Excerpts from a dataset:
[Start of section]

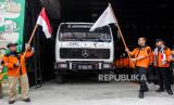 Truk yang membawa bantuan untuk pengungsi Gaza melintas di Markas DMC Dompet Dhuafa, Pondok Ranji, Tangerang Selatan, Banten, Kamis (2/11/2023). Dompet Dhuafa mengirimkan bantuan berupa 1.000 matras, 660 selimut dan 1.000 selimut bayi untuk pengungsi di Gaza, Palestina, yang akan menghadapi musim dingin di tengah konflik dengan Israel. (FOTO : Republika/Putra M. Akbar)
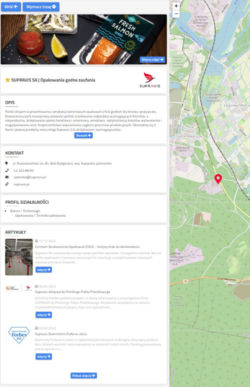 - Zamieszczenie firmy na liście firm oraz na mapie.
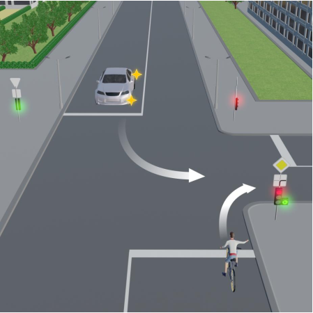- автобус, легковой автомобиль, а после включения разрешающего сигнала светофора с символом велосипеда – велосипедист
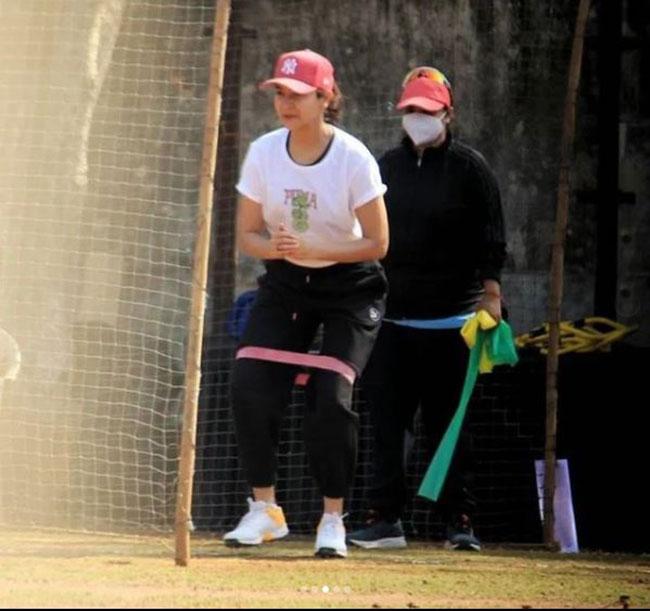 मंगलवार को अनुष्का को क्रिकेट के मैदान पर ट्रेनिंग ड्रिल्स और वार्म अप करते देखा गया. व्हाइट टी-शर्ट, ब्लैक ट्राउजर, स्पोर्ट्स शूज और सिर पर रेड कैप लगाए, अनुष्का एकदम स्पोर्टी लुक में नजर आईं. नेट के अंदर उन्हें क्रिकेट खिलाड़ियों की तरह हाथ में बॉल लेकर प्रैक्टिस करते देखा गया. उनकी ये तस्वीरें साफ बता रही हैं एक्ट्रेस अपने दमदार कमबैक में वे कोई कोर कसर नहीं छोड़ना चाहती हैं.
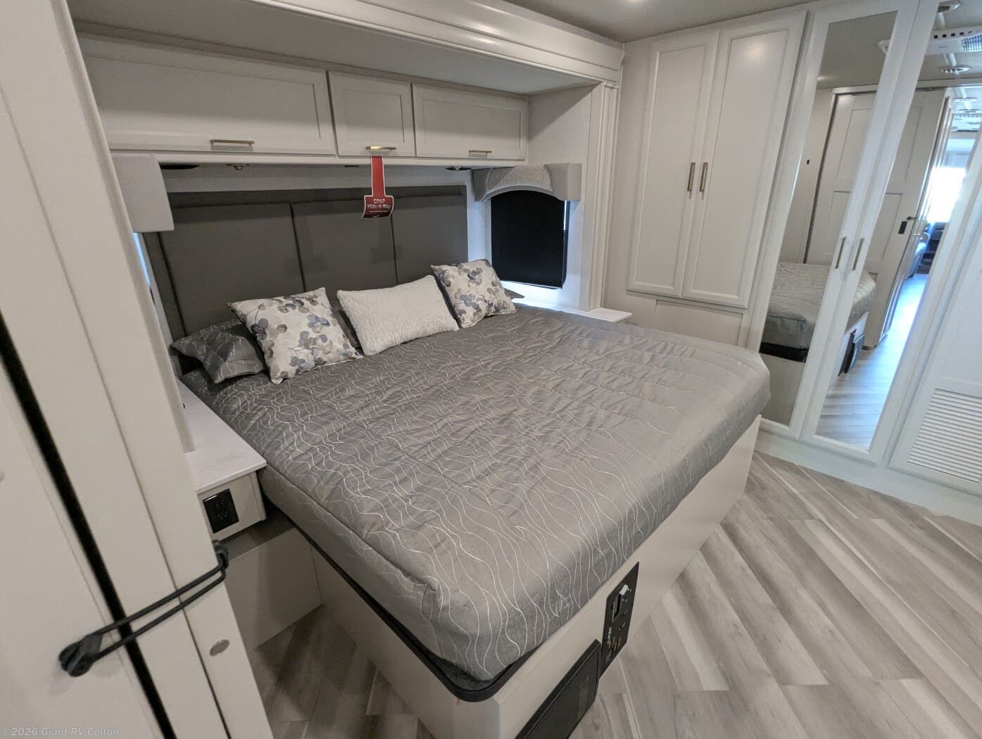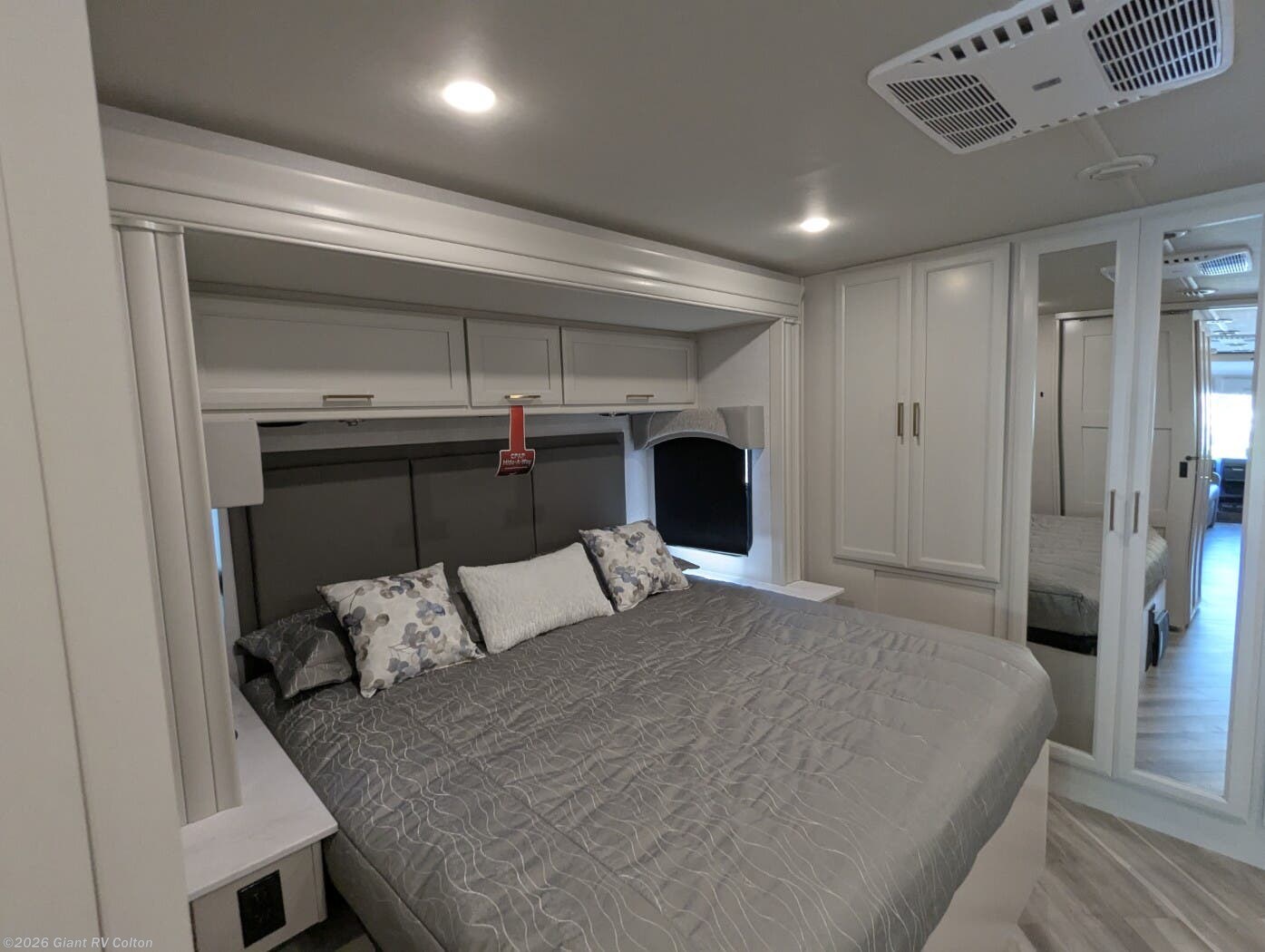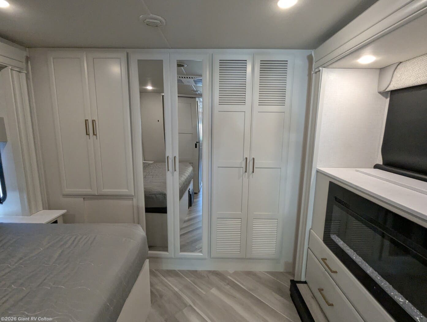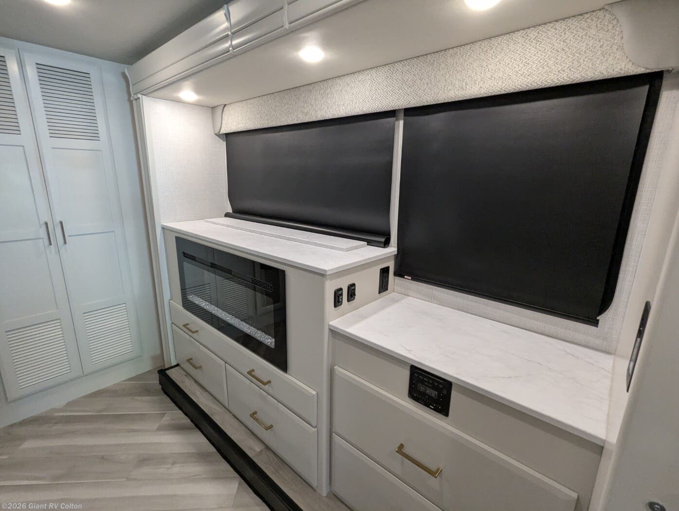 - Private Bedroom: Features a Serenity Series RV king bed slide, full-width wardrobe, and LED TV with fireplace for cozy relaxation.
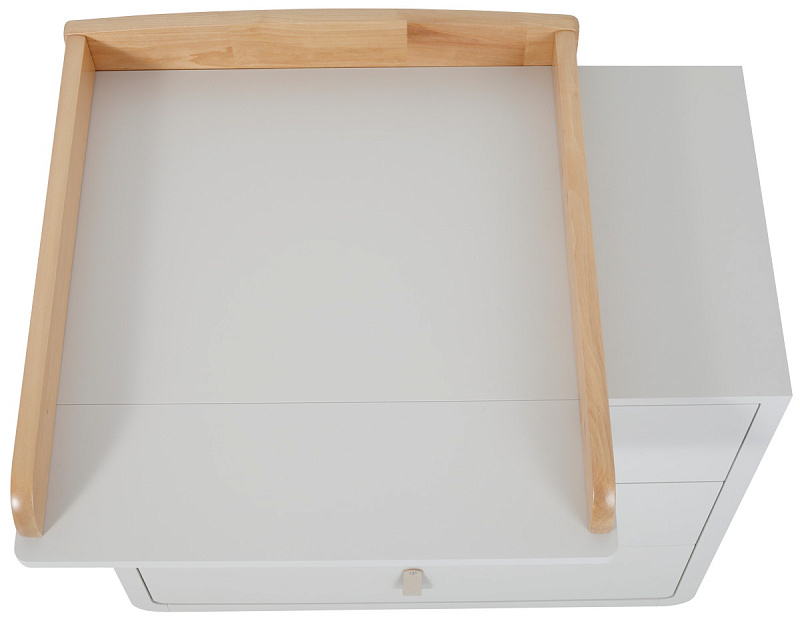 комод дополнен съемным бортиком, превращающим его в полноценный пеленальный столик. Бортик можно установить в двух положениях - слева и справа.
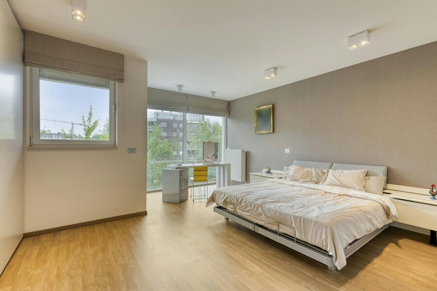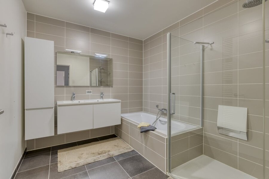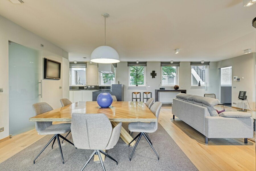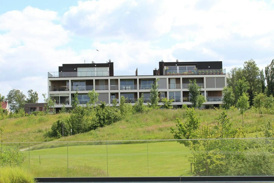 This luxurious apartment has 3 bedrooms. The apartment is located in a quiet residential area, halfway between Ghent and Bruges. The building has a sleek architecture, bright spaces and a finish in the best materials.
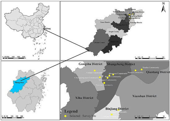 Hangzhou city is the central city of the Yangtze River Delta in China. According to statistics, its urbanization rate was 83.29% in 2020, far above the national average. The construction of resettled communities for landless peasants in Hangzhou started early and developed rapidly in recent years, resulting in a gradual increase in community spatial conflicts. Between July and September 2020, we selected ten typical resettled communities in Hangzhou as the study area (Figure 1). These sample communities have the following characteristics: (1) There are various types. Some communities were built over ten years or more, some were built in five to eight years, and others were built in approximately three years. (2) Population heterogeneity is evident. Community residents include landless peasants resettled from local villages, and landless peasants resettled from other villages, urban residents who buy houses in the community, etc., which bring diverse needs and make the conflicts more complex. (3) There are many news reports related to spatial conflicts in these communities. Therefore, the typicality of the case area was guaranteed.
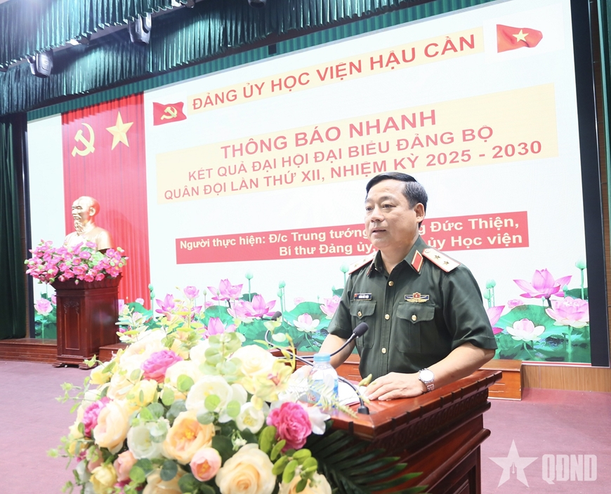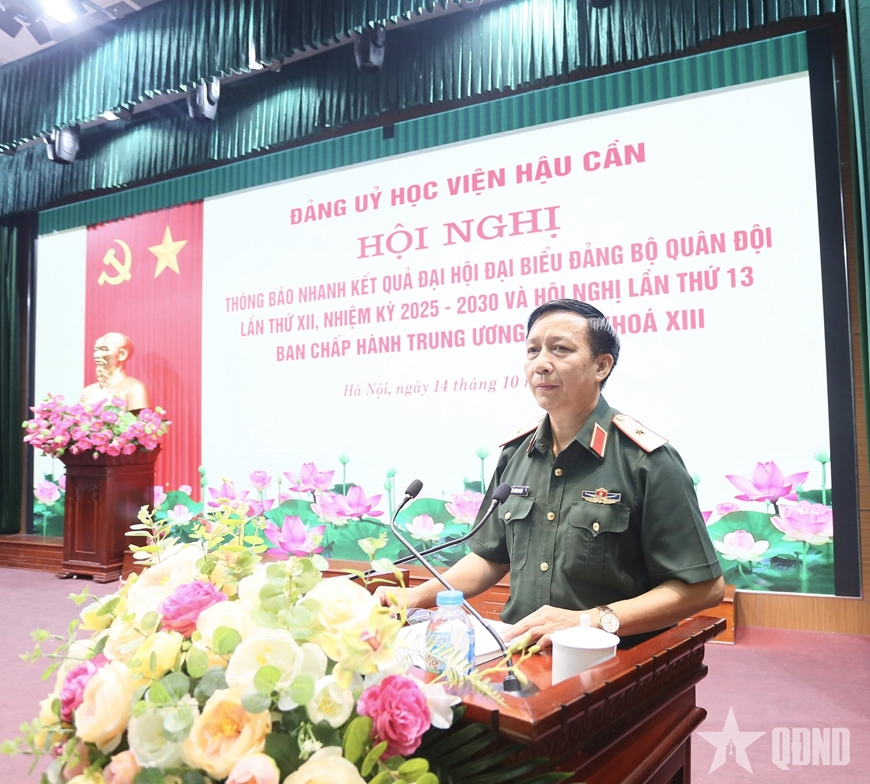 Phát biểu chỉ đạo tại hội nghị, Trung tướng Dương Đức Thiện, Bí thư Đảng ủy, Chính ủy Học viện yêu cầu các cấp ủy, tổ chức đảng trong Đảng bộ Học viện nhanh chóng tổ chức thông tin, quán triệt kết quả Đại hội đại biểu Đảng bộ Quân đội lần thứ XII và Hội nghị Trung ương 13 khóa XIII, gắn với triển khai thực hiện hiệu quả Nghị quyết Đại hội Đảng bộ Học viện Hậu cần lần thứ XXIII, nhiệm kỳ 2025-2030; tiếp tục phát huy truyền thống Học viện hai lần anh hùng, ra sức thi đua xây dựng Học viện vững mạnh toàn diện “mẫu mực, tiêu biểu”, hoàn thành xuất sắc mọi nhiệm vụ.
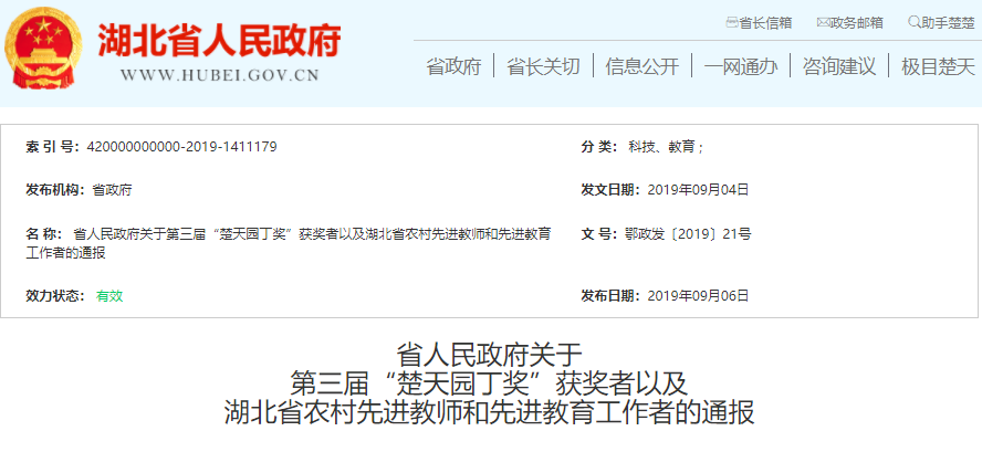 教育是民族振兴、社会进步的基石,对提高人民综合素质、促进人的全面发展、增强中华民族创新创造活力、实现中华民族伟大复兴具有决定性意义。教师是人类灵魂的工程师,是人类文明的传承者。近年来,全省广大教师和教育工作者深入学习贯彻习近平新时代中国特色社会主义思想,全面贯彻党的教育方针,落实全省教育大会精神,教书育人,默默奉献,涌现出了一大批先进个人。为弘扬尊师重教的良好风尚,建设高素质教师队伍和教育管理干部队伍,省人民政府决定,授予刘晓红等80名同志第三届“楚天园丁奖”荣誉称号、张春莉等40名同志“湖北省农村先进教师”荣誉称号、何晓芳等10名同志“湖北省先进教育工作者”荣誉称号(名单附后),现予以通报。

[End of section]

Your goal: The response should consist of the lines above from the first through the one containing "- автобус, легковой", transcribed exactly, with every picture left out.

Your response:
 Truk yang membawa bantuan untuk pengungsi Gaza melintas di Markas DMC Dompet Dhuafa, Pondok Ranji, Tangerang Selatan, Banten, Kamis (2/11/2023). Dompet Dhuafa mengirimkan bantuan berupa 1.000 matras, 660 selimut dan 1.000 selimut bayi untuk pengungsi di Gaza, Palestina, yang akan menghadapi musim dingin di tengah konflik dengan Israel. (FOTO : Republika/Putra M. Akbar)
 - Zamieszczenie firmy na liście firm oraz na mapie.
- автобус, легковой автомобиль, а после включения разрешающего сигнала светофора с символом велосипеда – велосипедист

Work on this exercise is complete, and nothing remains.